Supposing you have a RAID6 array, and one disk has died completely.  It 
gets replaced by a hot spare, and rebuild begins.  As the rebuild 
progresses, disk 1 gets an URE.  Traditional handling would mean disk 1 
is ejected, and now you have a double-degraded RAID6 to rebuilt.  When 
you later get an URE on disk 2, you have lost data for that stripe - and 
the whole raid is gone.

But with bad block lists, the URE on disk 1 leads to a bad block entry 
on disk 1, and the rebuild continues.  When you later get an URE on disk 
2, it's no problem - you use data from disk 1 and the other disks. 
URE's are no longer a killer unless your set has no redundancy.

URE's are also what I worry about with RAID1 (including RAID10) 
rebuilds.  If a disk has failed, you are right in saying that the 
chances of the second disk in the pair failing completely are tiny.  But 
the chances of getting an URE on the second disk during the rebuild are 
not negligible - they are small, but growing with each new jump in disk 
size.

With md raid's future bad block lists and hot replace features, then an 
URE on the second disk during rebuilds is only a problem if the first 
disk has died completely - if it only had a small problem, then the "hot 
replace" rebuild will be able to use both disks to find the data.

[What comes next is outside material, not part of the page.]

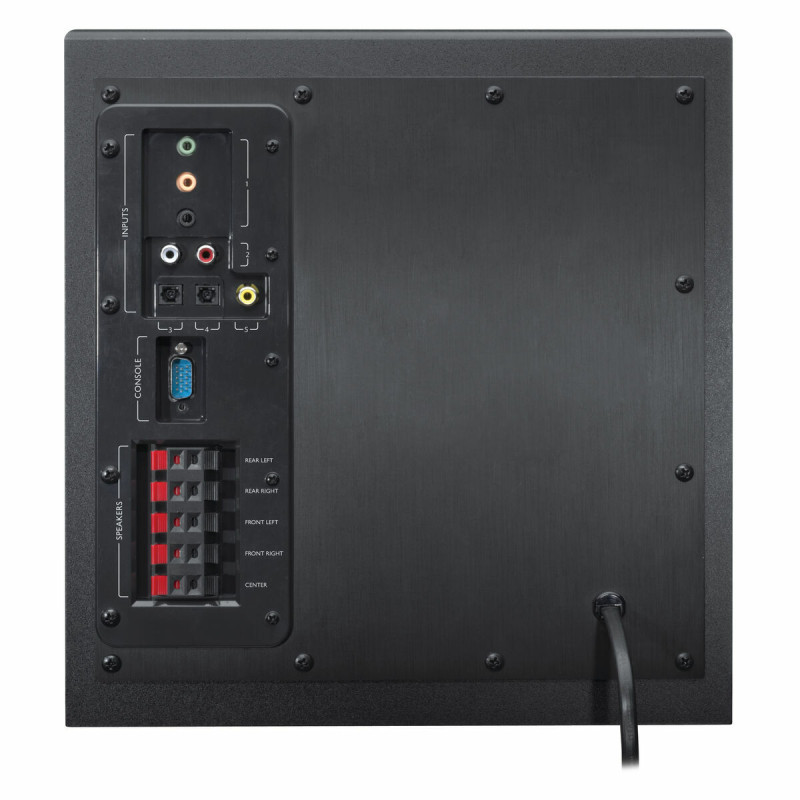 The Logitech 980-000468 PC speaker system delivers an immersive, high-fidelity audio experience, ideal for users seeking professional sound quality in home or work environments. This 5.1 set provides a true power output of 500 W RMS and up to 1,000 W peak, ensuring powerful sound with deep bass and clear details from anywhere in the room. It holds THX, Dolby Digital, and DTS Digital certifications, guaranteeing accurate and faithful playback of both music and movie tracks, highlighting its decoding capabilities and compatibility with multiple digital formats. The satellite speakers and center speaker each offer 67 W RMS power and feature compact dimensions (approximately 100 x 93 x 166 mm) and a weight close to 890 grams, facilitating placement and mounting, including wall mounting, thanks to their design for versatile setup. The subwoofer, weighing 9 kg with 165 W RMS power, provides a solid, rich low-frequency foundation, with dimensions suitable for integration into any space. Regarding connectivity, the system supports multiple simultaneous inputs, including 3.5 mm jack, RCA, direct six-channel inputs, and both coaxial and optical digital connections, allowing connection of up to six compatible devices with great flexibility. Input selection and system control can be conveniently done from the console or via the included remote control, which adds comfort and functionality by enabling independent volume adjustments for each speaker and the subwoofer, as well as power and mute controls. The black design offers a sober, professional finish, with speakers that include batteries for the remote and facilitate wall mounting, adapting to different room configurations. This system is powered by AC with a type C plug, ensuring standard compatibility. In short, the Logitech 980-000468 is an advanced system combining power, versatility, and certified quality for those seeking immersive, detailed sound in demanding multimedia applications.

I don't know if you've followed the recent "md road-map: 2011" thread (I
can't see any replies from you in the thread), but that is my reference
point here.

Actually I haven't.  Is Neil's motivation with this RAID5/6 "mirror
rebuild" to avoid the URE problem?

I know you are more interested in hardware raid than software raid, but 
I'm sure you'll find some interesting points in Neil's writings.  If you 
don't want to read through the thread, at least read his blog post.

<http://neil.brown.name/blog/20110216044002>

Incidentally, what's your opinion on a RAID1+5 or RAID1+6 setup, where
you have a RAID5 or RAID6 build from RAID1 pairs?  You get all the
rebuild benefits of RAID1 or RAID10, such as simple and fast direct
copies for rebuilds, and little performance degradation.  But you also
get multiple failure redundancy from the RAID5 or RAID6.  It could be
that it is excessive - that the extra redundancy is not worth the
performance cost (you still have poor small write performance).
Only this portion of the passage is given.